11 U.S.C.A. § 94(a). Park held that the notice requirements of § 58(a) (4) should not be dispensed with for reasons of convenience, but only if the particular asset to be sold or the bankrupt estate in general would be appreciably reduced in value by the administrative costs entailed in giving notice or if an advantageous sale would be lost or if the property to be sold would substantially depreciate in value during the notice period. 176 F. Supp. at 42. This is a correct interpretation and application of § 58(a) (4). Judged by these standards, there was no justification for a private sale in this case which occurred 29 days before the public auction of the bankrupt's remaining assets.

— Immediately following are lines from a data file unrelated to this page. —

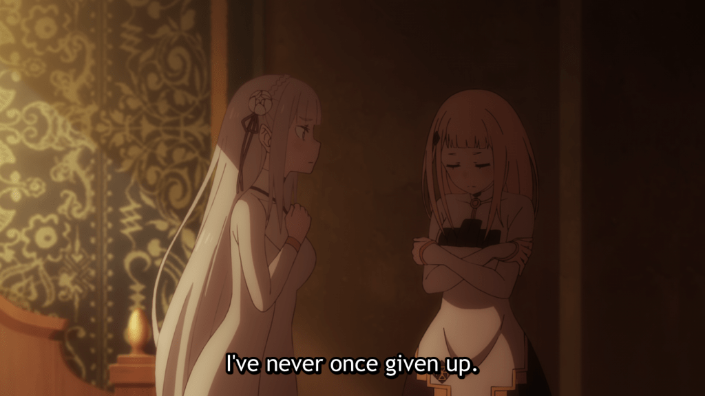 Emilia asked Aldebaran to deliver the information to Subaru. Aldebaran was happy to help. He told Emilia to be safe, surprised by how calm and confident she was acting. I was also surprised by Emilia’s strength in this episode. Even she herself seems mildly taken aback by it. She’s determined to stay a bit longer to protect herself and the other captive women, including Number 184.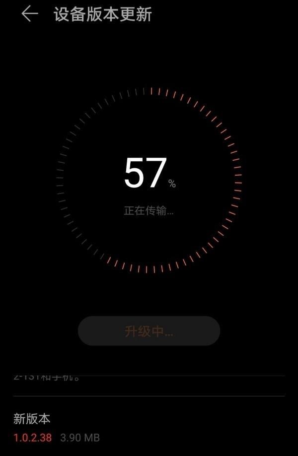 1)运动健康 APP 传输升级包100%后,请继续等待安装进度条完成,确保完成升级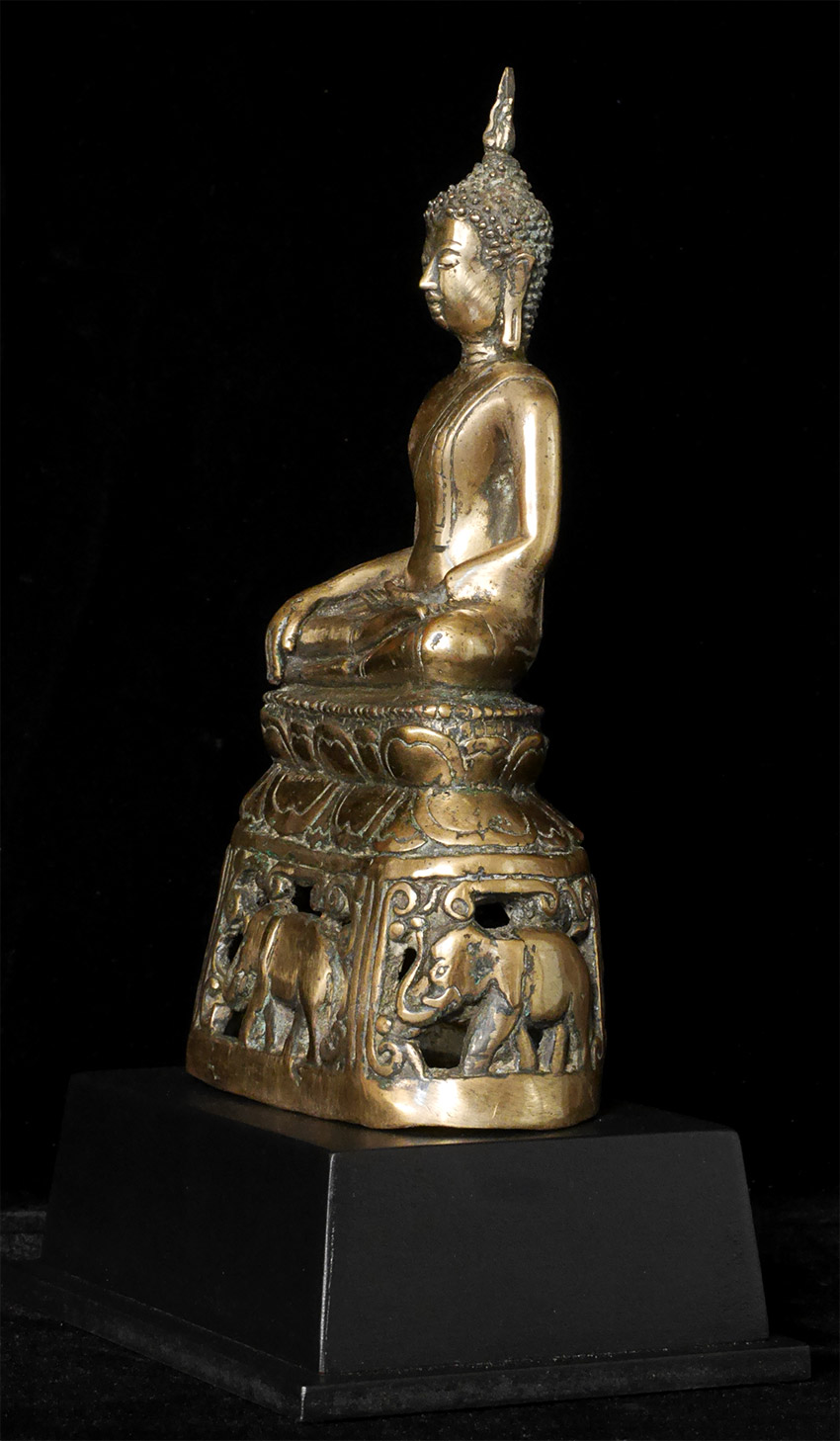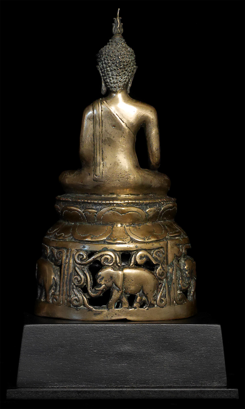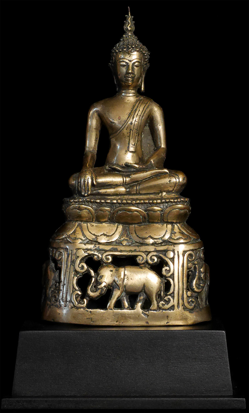 Antique Northern Thai Bronze Buddha with a rare base that has 4 elephants on it. 7 5/8 inches tall, height on custom base is 9.75 inches. Probably 200 to 300 years old- may be older.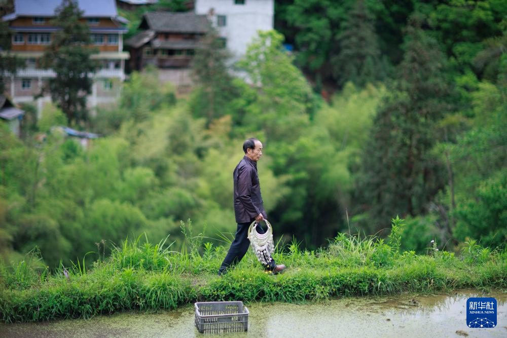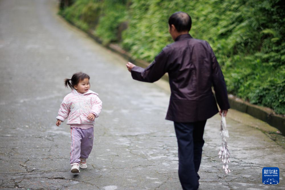 黎平县水口镇纪流村的银匠石传顺在给村民送银饰的途中与村里的小朋友打招呼(4月21日摄)。
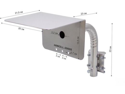 Кронштейн "HIWOLL-2000S-201358" серебристый с хомутами и козырьком на мачту для камеры и прожектора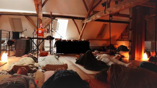 Je ligt neer, je ogen gesloten. Wat volgt is een reis waarin je mag zakken, vertragen en loslaten. Ritme wordt ruimte. Klank wordt rust. Alles is in beweging, alles is in balans. Inademen. Uitademen. En weer opnieuw.
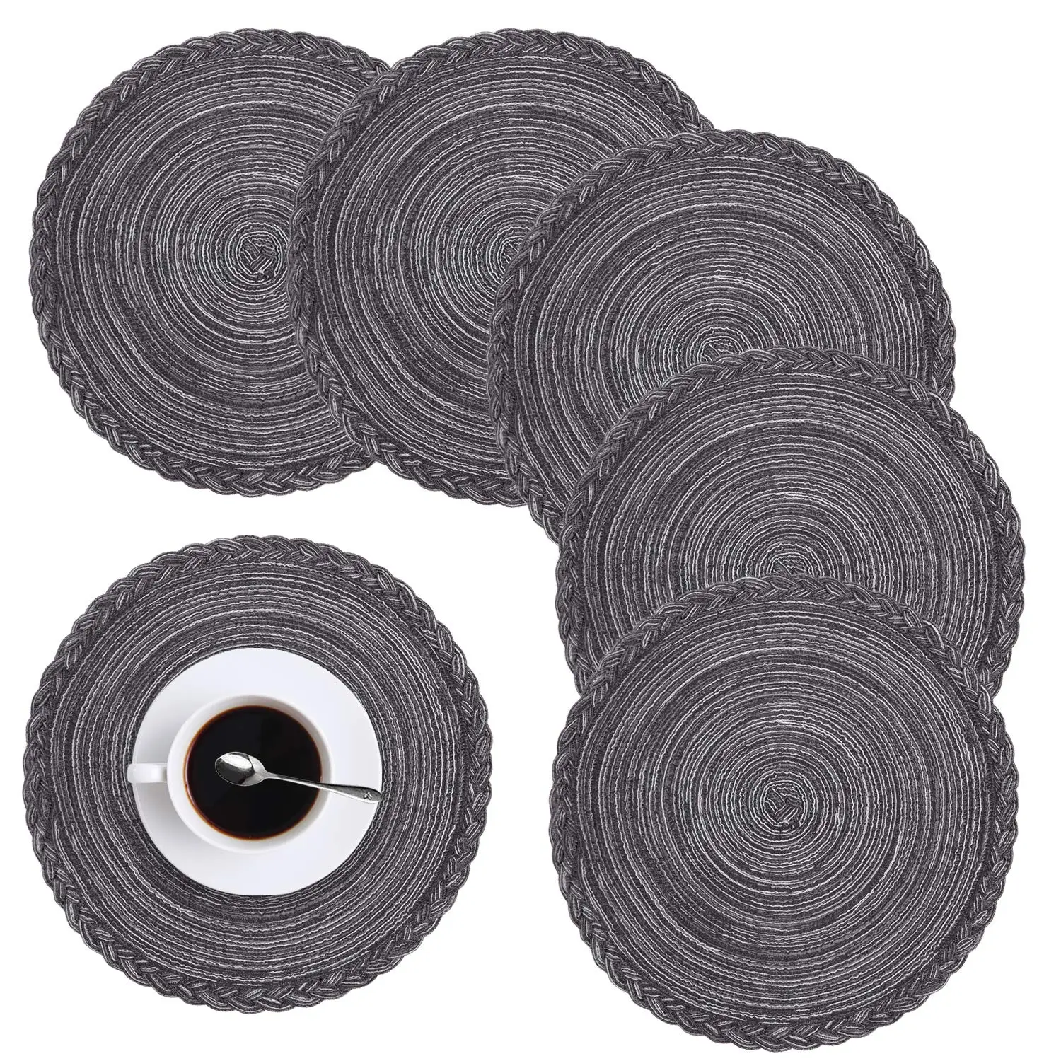 Lot de 4 sets de table ronds pour table à manger, tapis de table de cuisine en coton tissé résistant à la chaleur et antidérapant, 14 pouces, faciles d'entretien #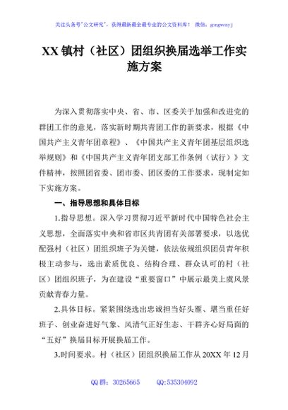 / XX镇村(社区)团组织换届选举工作实施方案
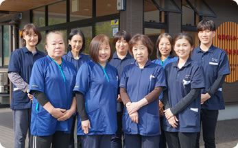 - 午前中に入浴・個別レクリエーション・機能訓練などを行い、午後から全体レクリエーションを行います。もちろん、ご利用者の身体機能に応じて介護支援を行います。服薬管理や排泄確認など、生活に必要なあらゆる支援を行います。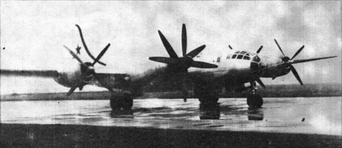 Внизу: Летающая лаборатория Ту-4ЛЛ. Самолет использовался для летных испытаний газотурбинных двигателей, в том числе турбовинтового НК-12, который предназначался для стратегического бомбардировщика Ту-95. От всех других подобных лабораторий, построенных когда-либо раньше или даже много позже, эта отличалась небывалой разницей в мощности штатных силовых установок и испытываемого двигателя: НК-12 был впятеро мощнее, чем каждый из поршневых АШ-73ТК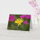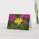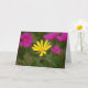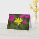 A greeting card with wild flowers on the front: yellow daisy with paper roses in the background. The photo was taken at the Marconi Conference Centre in Marshall, California.

But this is not an appeal from the denial of a petition to review a confirmation order. Section 39 of the Bankruptcy Act requires a party aggrieved by an order of the Referee to petition for review within 10 days after entry of the order. The appellant did not seek such relief within the statutory period, allegedly because he never received notice of the order. Such a failure to receive notice, however, does not relieve a creditor from the strict interpretation of § 39 intended by Congress. In the Matter of Victor P. Danenza, 200 F. Supp. 694 (E.D.N.Y.1962); St. Regis Paper Co. v. Jackson, 369 F.2d 136 (5 Cir. 1966); 2 Collier, Bankruptcy para. 39.20 at 1494 n. 10, 1495-96 (14th ed. 1966). It is incumbent upon creditors to follow the record of the administration of the bankruptcy estate and discover for themselves orders which they may want to challenge.

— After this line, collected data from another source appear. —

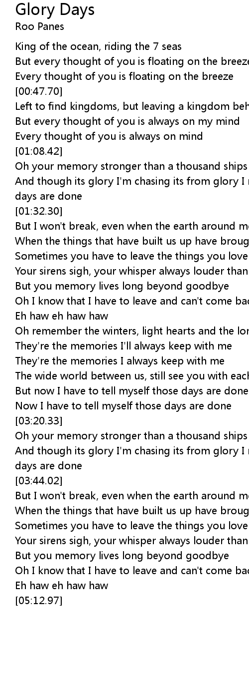 And though its glory I'm chasing its from glory I run, those glory days are done |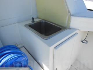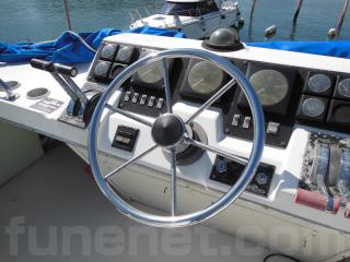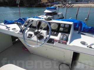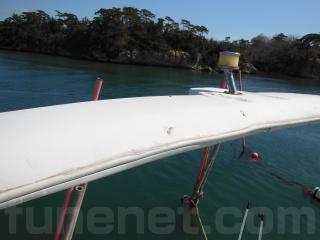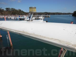 取材時は海上係留保管状態での取材でした。船ネットではエンジンの始動や走行状態の確認、船底の確認等は一切行っておりません。ご見学の際には、全ての事項をご確認の上、ご購入をお決め頂きますようお願い致します。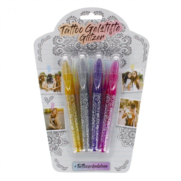 To nie jest zwykły zestaw piśmienniczy! Mamy tu dla Ciebie komplet 4 lśniących żelowych długopisów i wzornik do tworzenia tatuażu, z pomocą którego możesz odsłonić swoje artystyczne talenty i stworzyć na swojej skórze oryginalne rysunki.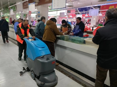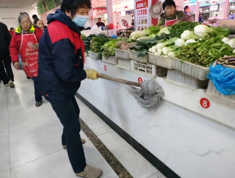 “請經營戶運菜的三輪車停放在固定的停車位上”、“請買菜的電瓶車有序的停放好”、“請不要把摘下的菜葉丟在地上,放到垃圾桶內”、“請熟食區(qū)的經營戶戴好口罩和帽子”、“請不要在市場內吸煙”……每天,西洋橋菜市場南通勁玥物業(yè)管理有限公司物管人員都會重復這樣的文明行為宣傳。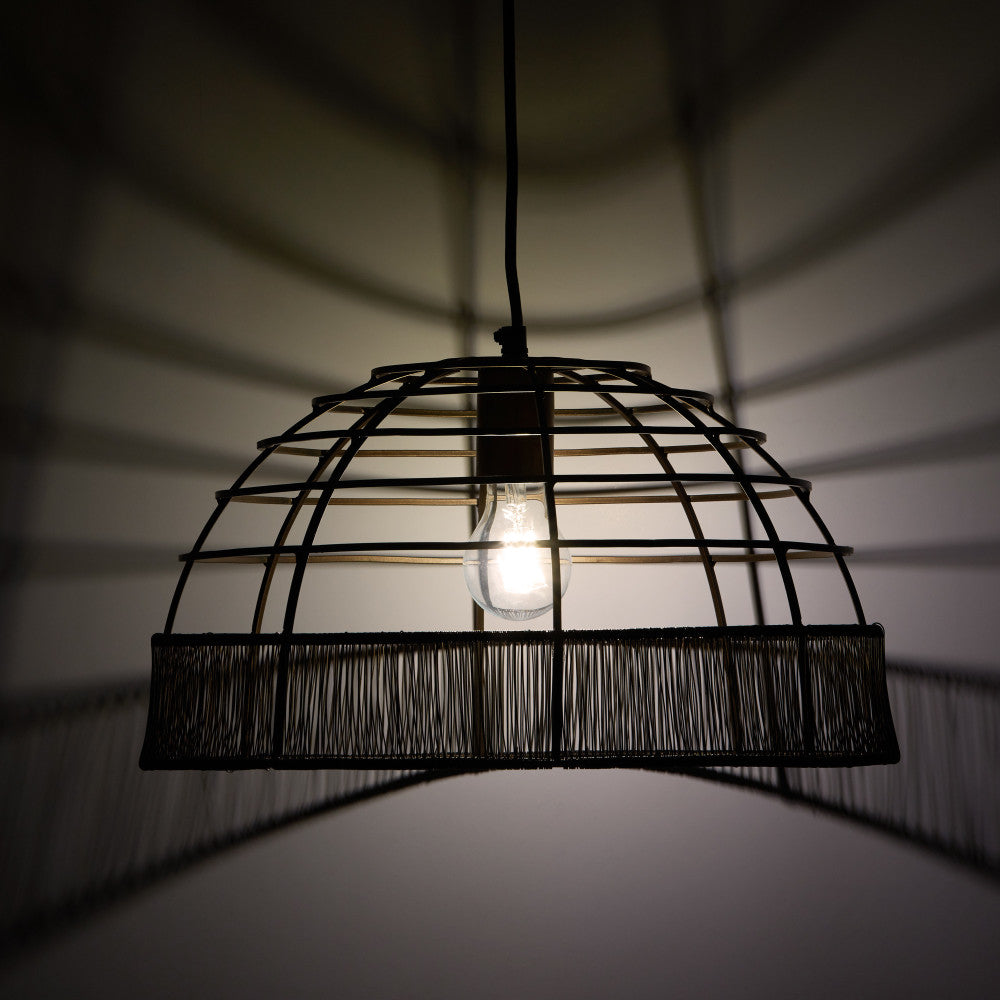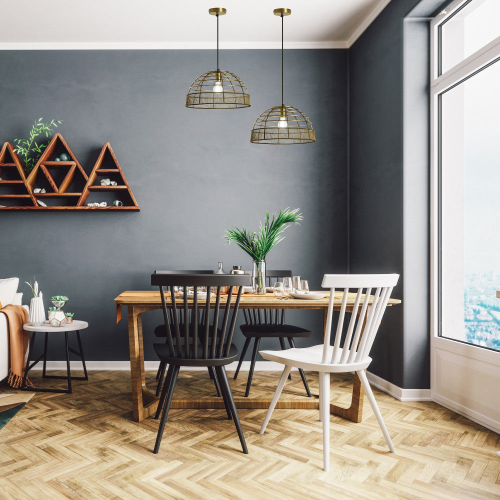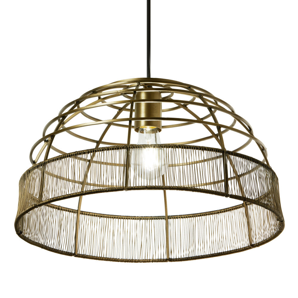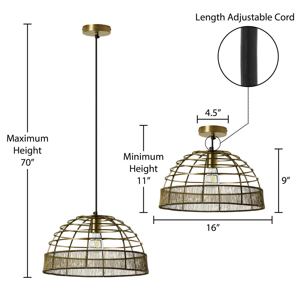 Introduce an industrial aesthetic into your space with this dome-shaped pendant light. Crafted from metal with a brass finish, this lighting fixture casts a downlight that creates a cozy and warm atmosphere in your room. The open cage design of the shade allows for an impressive display of light while its adjustable height ensures the perfect fit for your space. Ideal for kitchens, dining rooms, or entryways, this pendant light requires hardwiring and one 40 watt bulb, not included.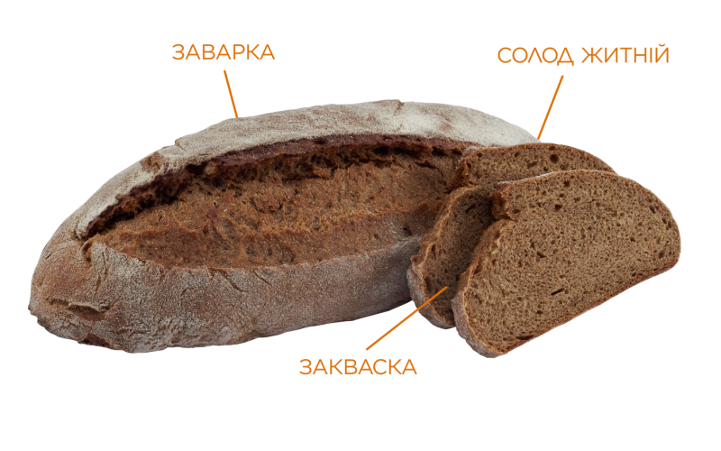 Справжній український заварний житньо-пшеничний хліб. Виготовлений на живій житній заквасці. Завдяки заварному способу приготування цього хліба, повністю розкриваються корисні властивості якісного житнього та пшеничного борошна, підсилюється насичений хлібний аромат. Поєднання двох видів борошна робить житній смак цього хліба більш ніжним з ледь відчутними солодкими нотками. Крафтовий вигляд нашого подового «Заварного» з широким апетитним надрізом підкреслює його український характер.

The standard for setting aside a sale is stricter than that applied in a direct attack upon a confirmation. In the latter, the governing principle is to obtain the best price for the bankruptcy estate whereas in the former there is greater emphasis upon finality in judicial sales and executed contracts, unless they are "tinged with fraud, error or similar defects which would in equity affect the validity of any private transaction." 4A Collier, Bankruptcy, para. 70.98 , 1183, 1184-94 (14th ed. 1967); In re Burr Mfg. & Supply Co., 217 F. 16, 19 (2 Cir. 1914). In this case, the absence of notice of the sale is not a sufficient ground for voiding this transaction.
The claims of inadequacy of price and conflict of interest are not so great in this case as to require a disturbance of the finality of the sale. Considering that the machines had an appraised value of $550, the sale price of $380 does not shock the conscience of the court. And, finally, the mere allegation of a tenuous conflict of interest does not warrant reversal. Donovan & Schuenke v. Sampsell, 226 F.2d 804 (9 Cir. 1955), emphasized by the appellant, is inapposite because the purchaser in the present case was not a fiduciary with respect to the property sold.
The judgment of the District Court is affirmed.